Find the word "avec" in the data below and copy each line that holds it.

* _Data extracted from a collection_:
···
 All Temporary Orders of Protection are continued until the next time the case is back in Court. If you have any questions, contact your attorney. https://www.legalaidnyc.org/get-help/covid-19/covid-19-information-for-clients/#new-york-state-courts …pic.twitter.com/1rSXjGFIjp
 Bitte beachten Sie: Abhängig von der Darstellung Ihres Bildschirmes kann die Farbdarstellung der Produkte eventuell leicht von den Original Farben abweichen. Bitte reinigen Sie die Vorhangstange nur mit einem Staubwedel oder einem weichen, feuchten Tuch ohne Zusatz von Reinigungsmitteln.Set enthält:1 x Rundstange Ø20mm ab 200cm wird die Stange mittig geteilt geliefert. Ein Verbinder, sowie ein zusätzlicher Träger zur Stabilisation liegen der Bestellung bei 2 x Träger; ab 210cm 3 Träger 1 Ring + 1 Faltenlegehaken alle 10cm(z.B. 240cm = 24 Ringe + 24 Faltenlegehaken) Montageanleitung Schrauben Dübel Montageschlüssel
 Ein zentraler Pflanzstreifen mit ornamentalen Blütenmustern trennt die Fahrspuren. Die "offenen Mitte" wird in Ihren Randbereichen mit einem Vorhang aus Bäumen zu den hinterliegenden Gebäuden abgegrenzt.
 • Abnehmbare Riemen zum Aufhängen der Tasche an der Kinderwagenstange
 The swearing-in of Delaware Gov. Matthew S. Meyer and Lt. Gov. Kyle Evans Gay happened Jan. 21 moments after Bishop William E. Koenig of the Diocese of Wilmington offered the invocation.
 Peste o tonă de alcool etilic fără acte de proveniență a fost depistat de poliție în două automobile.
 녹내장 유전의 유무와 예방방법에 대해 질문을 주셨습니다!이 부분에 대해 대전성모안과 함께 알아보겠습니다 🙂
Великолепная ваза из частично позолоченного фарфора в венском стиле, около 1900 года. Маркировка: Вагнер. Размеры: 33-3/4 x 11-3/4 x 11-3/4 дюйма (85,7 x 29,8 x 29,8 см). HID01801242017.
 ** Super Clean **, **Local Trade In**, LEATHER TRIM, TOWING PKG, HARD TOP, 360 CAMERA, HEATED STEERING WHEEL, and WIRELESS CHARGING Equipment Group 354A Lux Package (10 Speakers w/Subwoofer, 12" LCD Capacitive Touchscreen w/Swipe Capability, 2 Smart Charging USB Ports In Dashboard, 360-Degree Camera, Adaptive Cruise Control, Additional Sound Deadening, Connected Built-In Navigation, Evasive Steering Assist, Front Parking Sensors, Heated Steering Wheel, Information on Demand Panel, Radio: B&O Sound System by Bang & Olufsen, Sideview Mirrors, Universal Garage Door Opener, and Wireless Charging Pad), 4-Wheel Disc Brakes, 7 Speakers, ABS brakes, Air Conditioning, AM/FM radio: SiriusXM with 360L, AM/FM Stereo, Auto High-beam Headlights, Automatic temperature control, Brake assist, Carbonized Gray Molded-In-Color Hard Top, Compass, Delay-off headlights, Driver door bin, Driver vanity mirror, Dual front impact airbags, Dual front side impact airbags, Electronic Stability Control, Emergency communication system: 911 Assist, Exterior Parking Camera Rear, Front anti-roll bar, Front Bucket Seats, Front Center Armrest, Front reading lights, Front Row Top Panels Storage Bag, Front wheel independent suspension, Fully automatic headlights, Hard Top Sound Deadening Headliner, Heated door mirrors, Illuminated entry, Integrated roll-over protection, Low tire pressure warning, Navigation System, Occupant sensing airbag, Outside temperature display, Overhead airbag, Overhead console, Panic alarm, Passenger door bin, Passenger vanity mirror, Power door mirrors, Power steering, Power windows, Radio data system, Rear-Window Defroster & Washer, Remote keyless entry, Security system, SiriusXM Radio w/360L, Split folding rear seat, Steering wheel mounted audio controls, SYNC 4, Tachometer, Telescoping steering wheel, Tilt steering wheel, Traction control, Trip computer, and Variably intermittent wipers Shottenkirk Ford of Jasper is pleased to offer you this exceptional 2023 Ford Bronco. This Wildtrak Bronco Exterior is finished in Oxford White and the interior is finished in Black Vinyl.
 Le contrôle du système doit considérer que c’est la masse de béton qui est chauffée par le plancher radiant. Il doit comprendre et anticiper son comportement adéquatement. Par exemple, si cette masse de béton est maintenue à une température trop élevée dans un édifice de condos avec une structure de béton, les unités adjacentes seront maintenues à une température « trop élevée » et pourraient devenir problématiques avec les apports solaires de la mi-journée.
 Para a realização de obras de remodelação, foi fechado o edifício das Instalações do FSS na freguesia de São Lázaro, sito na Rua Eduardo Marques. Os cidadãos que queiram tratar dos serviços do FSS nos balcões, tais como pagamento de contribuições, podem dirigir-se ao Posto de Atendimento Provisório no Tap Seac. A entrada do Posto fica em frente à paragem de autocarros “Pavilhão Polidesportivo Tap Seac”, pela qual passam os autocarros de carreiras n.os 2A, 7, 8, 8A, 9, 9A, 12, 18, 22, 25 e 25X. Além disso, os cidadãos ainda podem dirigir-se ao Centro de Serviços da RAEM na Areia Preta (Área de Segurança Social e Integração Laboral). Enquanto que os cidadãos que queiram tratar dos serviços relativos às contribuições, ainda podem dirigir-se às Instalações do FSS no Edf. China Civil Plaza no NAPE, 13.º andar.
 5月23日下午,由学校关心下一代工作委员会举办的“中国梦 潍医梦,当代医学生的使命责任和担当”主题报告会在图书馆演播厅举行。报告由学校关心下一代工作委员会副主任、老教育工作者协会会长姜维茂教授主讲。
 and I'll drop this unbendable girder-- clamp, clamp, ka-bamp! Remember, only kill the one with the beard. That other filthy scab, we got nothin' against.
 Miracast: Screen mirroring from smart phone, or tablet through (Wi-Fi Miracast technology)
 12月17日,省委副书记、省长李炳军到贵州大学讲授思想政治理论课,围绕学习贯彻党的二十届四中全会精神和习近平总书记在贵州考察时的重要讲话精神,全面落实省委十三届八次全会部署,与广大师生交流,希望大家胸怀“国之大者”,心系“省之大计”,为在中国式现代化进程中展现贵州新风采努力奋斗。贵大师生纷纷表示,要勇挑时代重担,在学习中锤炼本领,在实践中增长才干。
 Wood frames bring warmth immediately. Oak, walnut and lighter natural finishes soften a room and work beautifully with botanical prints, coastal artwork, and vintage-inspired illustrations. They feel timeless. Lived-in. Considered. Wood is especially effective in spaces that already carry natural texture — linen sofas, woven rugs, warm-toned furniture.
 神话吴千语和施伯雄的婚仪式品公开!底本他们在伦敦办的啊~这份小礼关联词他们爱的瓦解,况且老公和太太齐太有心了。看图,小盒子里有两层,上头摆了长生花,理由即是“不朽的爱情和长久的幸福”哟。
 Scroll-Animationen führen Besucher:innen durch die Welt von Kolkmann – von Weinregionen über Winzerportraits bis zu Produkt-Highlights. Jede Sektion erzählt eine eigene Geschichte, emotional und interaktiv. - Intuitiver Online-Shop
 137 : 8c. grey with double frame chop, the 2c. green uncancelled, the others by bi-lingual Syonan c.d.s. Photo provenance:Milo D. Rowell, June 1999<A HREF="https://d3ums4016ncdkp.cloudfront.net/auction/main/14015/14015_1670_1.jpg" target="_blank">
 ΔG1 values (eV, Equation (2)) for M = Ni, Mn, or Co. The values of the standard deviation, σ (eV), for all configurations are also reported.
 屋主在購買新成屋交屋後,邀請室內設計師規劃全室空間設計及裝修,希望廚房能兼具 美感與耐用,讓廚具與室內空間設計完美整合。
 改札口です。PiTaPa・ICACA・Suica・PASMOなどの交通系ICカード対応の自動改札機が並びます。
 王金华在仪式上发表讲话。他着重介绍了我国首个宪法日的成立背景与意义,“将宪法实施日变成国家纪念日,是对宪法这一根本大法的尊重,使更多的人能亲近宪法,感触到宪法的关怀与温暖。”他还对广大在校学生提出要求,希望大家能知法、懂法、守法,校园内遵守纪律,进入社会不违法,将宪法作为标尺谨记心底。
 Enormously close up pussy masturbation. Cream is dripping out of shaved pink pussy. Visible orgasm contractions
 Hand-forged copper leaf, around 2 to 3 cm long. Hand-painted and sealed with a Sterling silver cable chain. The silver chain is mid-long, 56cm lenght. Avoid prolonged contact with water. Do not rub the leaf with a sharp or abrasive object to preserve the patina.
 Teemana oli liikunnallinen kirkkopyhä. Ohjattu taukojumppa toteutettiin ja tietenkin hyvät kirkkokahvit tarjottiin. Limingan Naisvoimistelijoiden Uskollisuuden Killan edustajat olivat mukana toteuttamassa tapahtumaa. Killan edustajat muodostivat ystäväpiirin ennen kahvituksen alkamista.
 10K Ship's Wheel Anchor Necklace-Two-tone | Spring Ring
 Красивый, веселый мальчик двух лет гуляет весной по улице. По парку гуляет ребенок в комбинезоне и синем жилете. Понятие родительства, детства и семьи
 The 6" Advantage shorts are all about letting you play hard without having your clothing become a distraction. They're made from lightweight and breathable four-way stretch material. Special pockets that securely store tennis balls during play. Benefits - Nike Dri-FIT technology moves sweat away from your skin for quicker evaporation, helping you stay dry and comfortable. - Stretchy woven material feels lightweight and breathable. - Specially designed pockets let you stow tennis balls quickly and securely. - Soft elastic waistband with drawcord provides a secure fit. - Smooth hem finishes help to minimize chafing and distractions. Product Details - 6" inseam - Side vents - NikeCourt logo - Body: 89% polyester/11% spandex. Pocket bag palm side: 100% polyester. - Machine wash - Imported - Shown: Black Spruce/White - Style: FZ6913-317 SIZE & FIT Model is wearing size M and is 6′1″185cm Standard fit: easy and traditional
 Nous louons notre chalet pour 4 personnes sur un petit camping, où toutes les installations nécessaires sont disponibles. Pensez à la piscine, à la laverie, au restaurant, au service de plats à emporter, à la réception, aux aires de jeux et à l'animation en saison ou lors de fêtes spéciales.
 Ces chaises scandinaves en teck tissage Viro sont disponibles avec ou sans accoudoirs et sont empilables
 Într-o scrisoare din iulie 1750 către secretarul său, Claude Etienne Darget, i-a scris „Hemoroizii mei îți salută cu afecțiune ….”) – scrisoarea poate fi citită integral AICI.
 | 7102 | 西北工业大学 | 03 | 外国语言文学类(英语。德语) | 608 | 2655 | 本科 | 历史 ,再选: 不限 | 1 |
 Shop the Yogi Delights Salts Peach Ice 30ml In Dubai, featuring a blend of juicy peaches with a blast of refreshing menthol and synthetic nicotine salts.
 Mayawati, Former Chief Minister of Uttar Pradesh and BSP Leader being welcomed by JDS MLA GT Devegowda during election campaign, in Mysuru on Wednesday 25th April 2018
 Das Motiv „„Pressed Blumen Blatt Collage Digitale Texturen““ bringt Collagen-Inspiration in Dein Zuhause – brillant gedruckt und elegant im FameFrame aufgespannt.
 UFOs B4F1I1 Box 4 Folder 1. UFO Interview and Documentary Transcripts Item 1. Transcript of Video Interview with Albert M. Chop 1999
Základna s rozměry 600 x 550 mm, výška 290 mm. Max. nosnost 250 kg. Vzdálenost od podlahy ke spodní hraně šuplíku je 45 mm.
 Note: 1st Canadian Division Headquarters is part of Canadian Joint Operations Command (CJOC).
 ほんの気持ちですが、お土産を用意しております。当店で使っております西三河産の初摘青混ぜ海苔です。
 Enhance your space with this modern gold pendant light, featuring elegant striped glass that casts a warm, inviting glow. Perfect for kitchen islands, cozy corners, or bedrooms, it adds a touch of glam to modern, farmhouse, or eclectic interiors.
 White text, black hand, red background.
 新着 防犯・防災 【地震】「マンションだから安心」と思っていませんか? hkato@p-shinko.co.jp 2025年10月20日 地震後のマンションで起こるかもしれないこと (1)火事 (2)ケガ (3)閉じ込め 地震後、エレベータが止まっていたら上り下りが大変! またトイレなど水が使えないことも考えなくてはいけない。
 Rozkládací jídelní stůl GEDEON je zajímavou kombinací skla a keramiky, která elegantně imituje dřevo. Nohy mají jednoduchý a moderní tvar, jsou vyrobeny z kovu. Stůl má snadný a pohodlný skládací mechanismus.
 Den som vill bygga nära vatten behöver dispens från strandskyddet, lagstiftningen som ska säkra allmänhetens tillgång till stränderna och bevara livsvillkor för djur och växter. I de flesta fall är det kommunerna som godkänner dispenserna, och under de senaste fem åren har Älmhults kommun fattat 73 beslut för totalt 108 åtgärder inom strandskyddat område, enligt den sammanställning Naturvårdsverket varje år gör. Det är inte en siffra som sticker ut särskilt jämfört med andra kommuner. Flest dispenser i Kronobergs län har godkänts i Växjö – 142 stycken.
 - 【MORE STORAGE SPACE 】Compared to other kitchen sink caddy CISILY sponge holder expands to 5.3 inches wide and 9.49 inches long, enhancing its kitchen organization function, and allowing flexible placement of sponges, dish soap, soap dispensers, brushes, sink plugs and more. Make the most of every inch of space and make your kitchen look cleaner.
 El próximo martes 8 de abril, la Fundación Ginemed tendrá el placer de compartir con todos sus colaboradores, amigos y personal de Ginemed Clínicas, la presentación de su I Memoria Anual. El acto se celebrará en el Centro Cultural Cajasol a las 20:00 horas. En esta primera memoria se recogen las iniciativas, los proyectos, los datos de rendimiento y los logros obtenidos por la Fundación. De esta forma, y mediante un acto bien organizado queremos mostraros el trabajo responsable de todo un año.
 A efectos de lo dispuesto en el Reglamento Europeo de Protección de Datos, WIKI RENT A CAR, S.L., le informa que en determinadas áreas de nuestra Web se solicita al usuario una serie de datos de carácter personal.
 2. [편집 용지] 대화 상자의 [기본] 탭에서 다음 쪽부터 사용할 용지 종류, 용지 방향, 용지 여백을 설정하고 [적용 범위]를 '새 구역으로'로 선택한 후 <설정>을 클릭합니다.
···
* _TASK OUTPUT_:
 Le contrôle du système doit considérer que c’est la masse de béton qui est chauffée par le plancher radiant. Il doit comprendre et anticiper son comportement adéquatement. Par exemple, si cette masse de béton est maintenue à une température trop élevée dans un édifice de condos avec une structure de béton, les unités adjacentes seront maintenues à une température « trop élevée » et pourraient devenir problématiques avec les apports solaires de la mi-journée.
 Ces chaises scandinaves en teck tissage Viro sont disponibles avec ou sans accoudoirs et sont empilables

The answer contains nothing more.